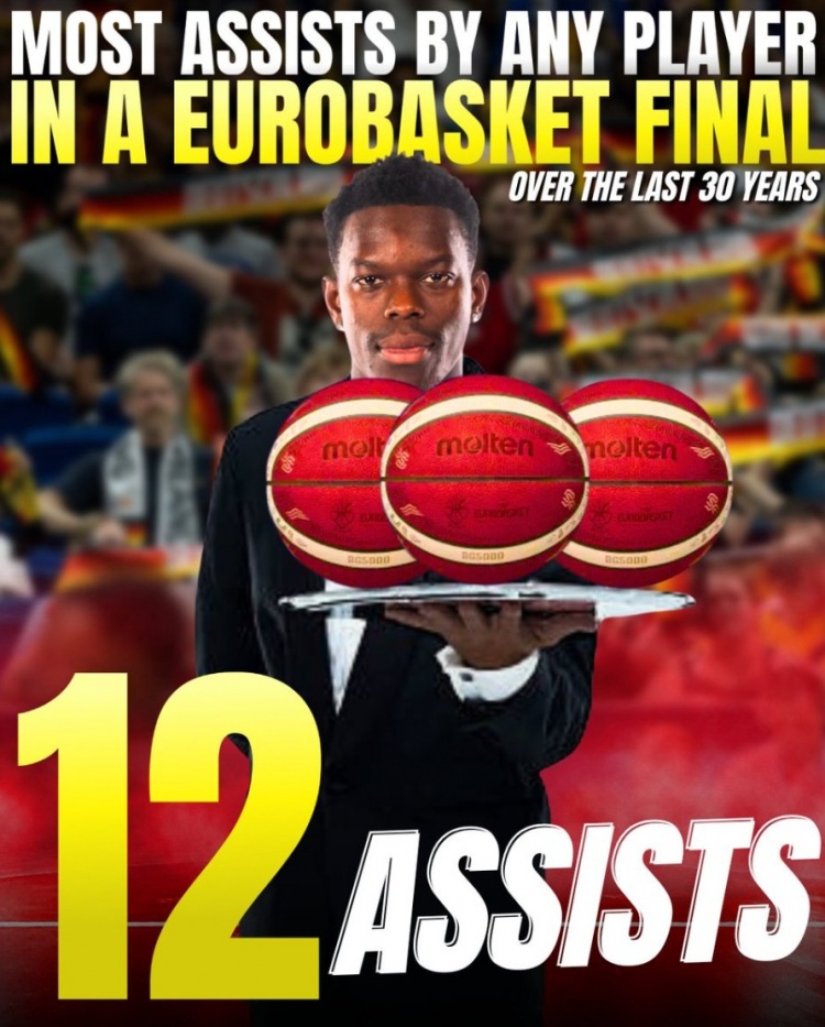 據(jù)統(tǒng)計(jì),施羅德送出12助攻,創(chuàng)近30年來(lái)歐錦賽決賽新紀(jì)錄。
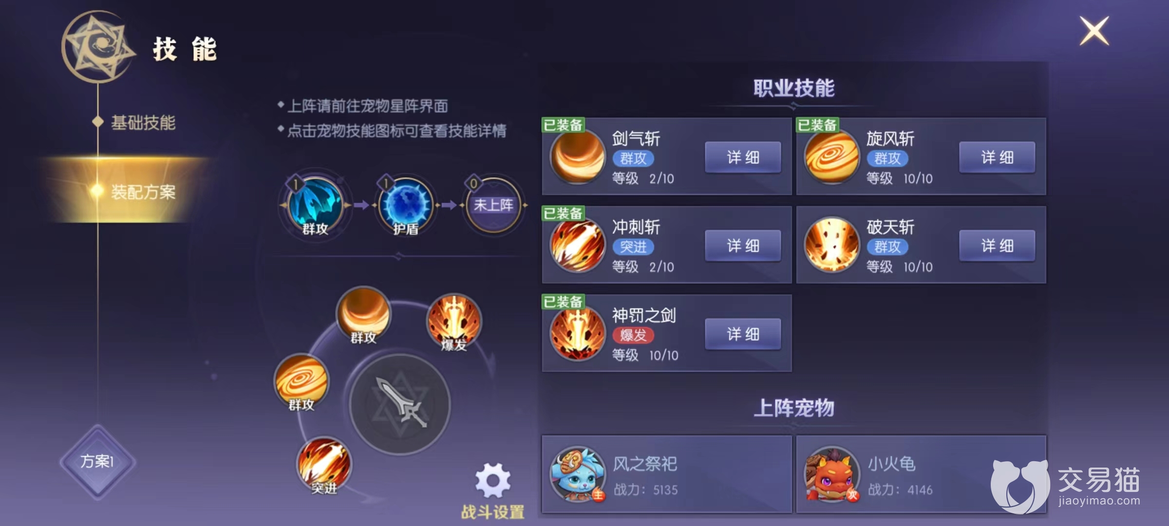 在初始职业中每一名角色拥有5个主动技能,每一个主动技能还有一个对应的被动。被动无需出战就能生效,所以我们需要在5个之中选择4个,具体选择顺序各个职业和不同战斗中都是不一样的,这里小编不再过多讲述。根据需要选择好之后,点击技能页面下方的装配方案,就可以对人物技能进行调整。与此同时宠出战宠物的主动技能同样可以在这里进行装配。
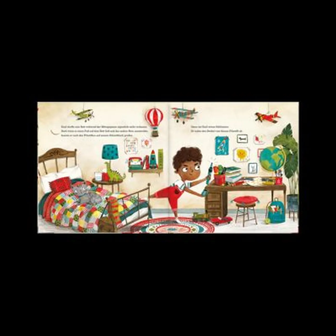 Emil muss während der Mittagsruhe im Bett bleiben, doch das ist langweilig. Und deshalb streckt er sich und schaut, wie weit er gehen kann, ohne die Regeln wirklich zu brechen.
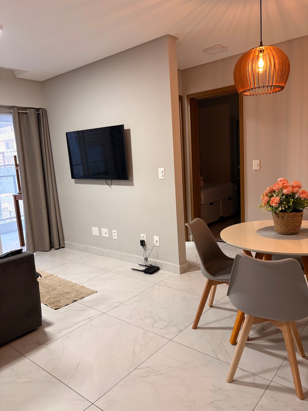 Este lugar único tem um estilo próprio. Apto Novo em bairro privilegiado, fica a 400 metros da Praia ao lado da Av Mallet e ao lado do Batalhão do Exército. Sacada com Tv e churrasqueira à carvão. Quarto com suite ar condicionado e sacada , cama de casal ,mais dois colchões extra . Aquecimento elétrico , apto moderno e cozinha completa.
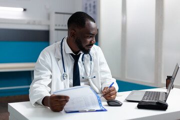 African american practitioner man looking at computer screen analyzing patient docuemnts with medical expertise on it. Therapist doctor working at healthcare treatment in hospital office
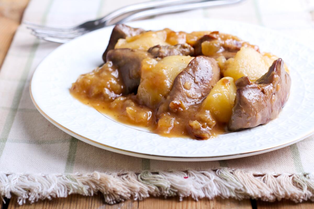 Яблоко для соуса нужно взять кисло-сладкое, именно такой вкус плода подчеркнет нежность куриной печени.
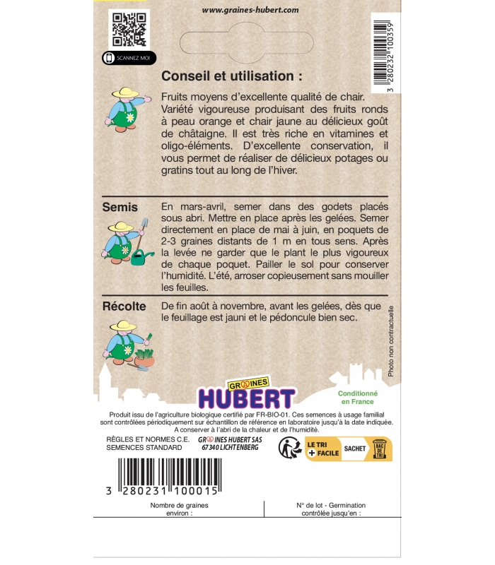 Ces semences de Potimarron Uchiki Kuri à usage familial, sont contrôlées périodiquement sur échantillon de référence en laboratoire jusqu'à la date indiqué sur le sachet.
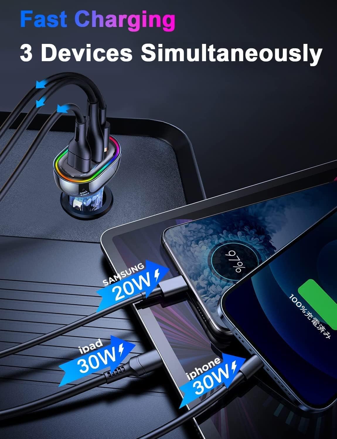 🚀【80W Super Fast Charge Car Charger】2023 Upgraded8X faster than 2.4A car charger adapter, IDOLCO 80W cigarette lighter usb charger come with Type C1(30W Max) & Type C2(20W Max) & USB A(30W Max) 3-Ports, can super fast charging multi devices(iPhone,iPad,Samsung,Google,Xperia,Android)simultaneously with built-in intelligent chip. Just enjoy the fast charging experience !
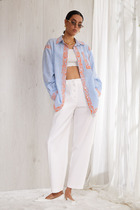 Блузка из текстильного полотна лен с вискозой,прямого силуэта. Длинный рукав со спущенной линией плеча, по низу манжет с разрезом. По борту цельновыкроенная планка с застежкой на пуговицы, по горловине отложной воротник со стойкой. По бокам разрезы.
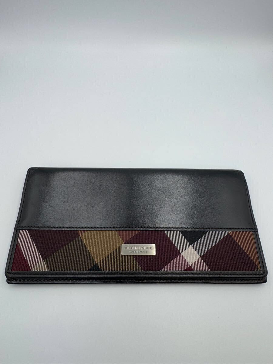 > 美品 ブラックレーベル クレストブリッジ 長財布 ブラック レザー チェック 小銭入れ付き メンズ 二つ折り財布 カードケース バーバリー
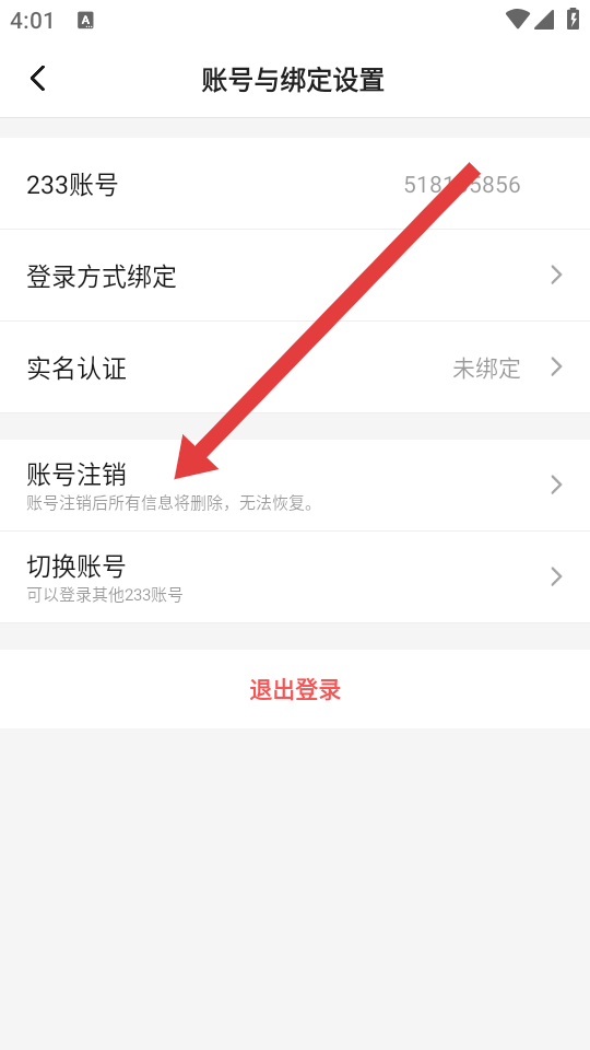 3、在账号与绑定设置页面,点击账号注销选项,进入账号注销协议的页面。
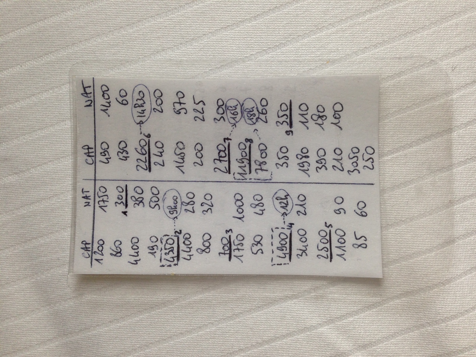 Là encore, Thomas a puisé dans son imagination pour nous sortir ce système, une carte plastifiée avec le détail de chaque bloc + ravito :
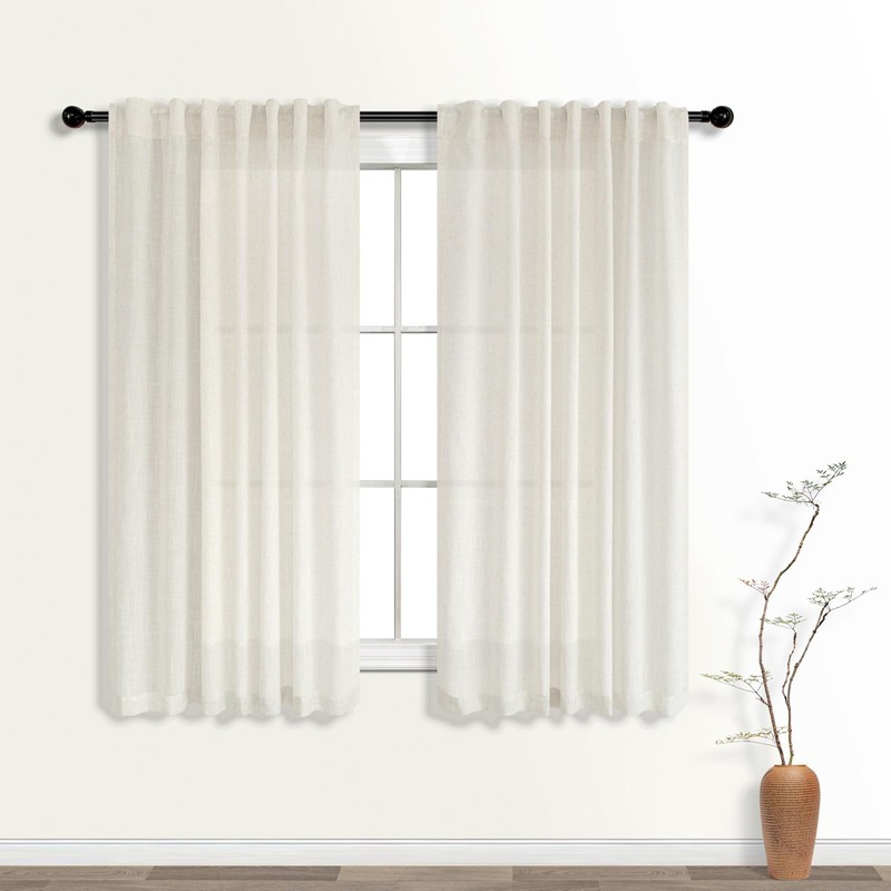 KOUFALL Bathroom Curtains Window Short,54 Inch Length Sheer Semi Privacy Linen Small Curtain for Bedroom 48 Windows,52x54 in Long,2 Panels Set
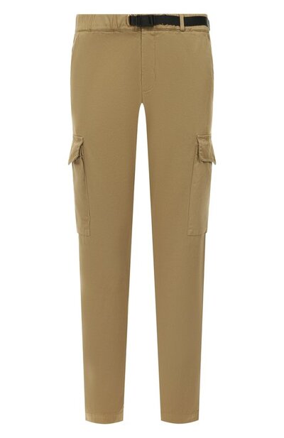 Брюки из хлопка стрейч станут основой непринужденного повседневного образа. Модель дополнили боковыми и задними карманами, а также парой крупных карго. Посадку изделия можно отрегулировать контрастным ремешком на фастексе, пропущенном сквозь эластичный пояс-кулиску.

──────────

**INSTRUCTIONS FOR THE TASK**
Reproduce word for word, with pictures dropped, only the part of the material above that opens with the line containing "Ces semences de" and closes with the line containing "charging experience !".

**EXPECTED OUTPUT**
 Ces semences de Potimarron Uchiki Kuri à usage familial, sont contrôlées périodiquement sur échantillon de référence en laboratoire jusqu'à la date indiqué sur le sachet.
 🚀【80W Super Fast Charge Car Charger】2023 Upgraded8X faster than 2.4A car charger adapter, IDOLCO 80W cigarette lighter usb charger come with Type C1(30W Max) & Type C2(20W Max) & USB A(30W Max) 3-Ports, can super fast charging multi devices(iPhone,iPad,Samsung,Google,Xperia,Android)simultaneously with built-in intelligent chip. Just enjoy the fast charging experience !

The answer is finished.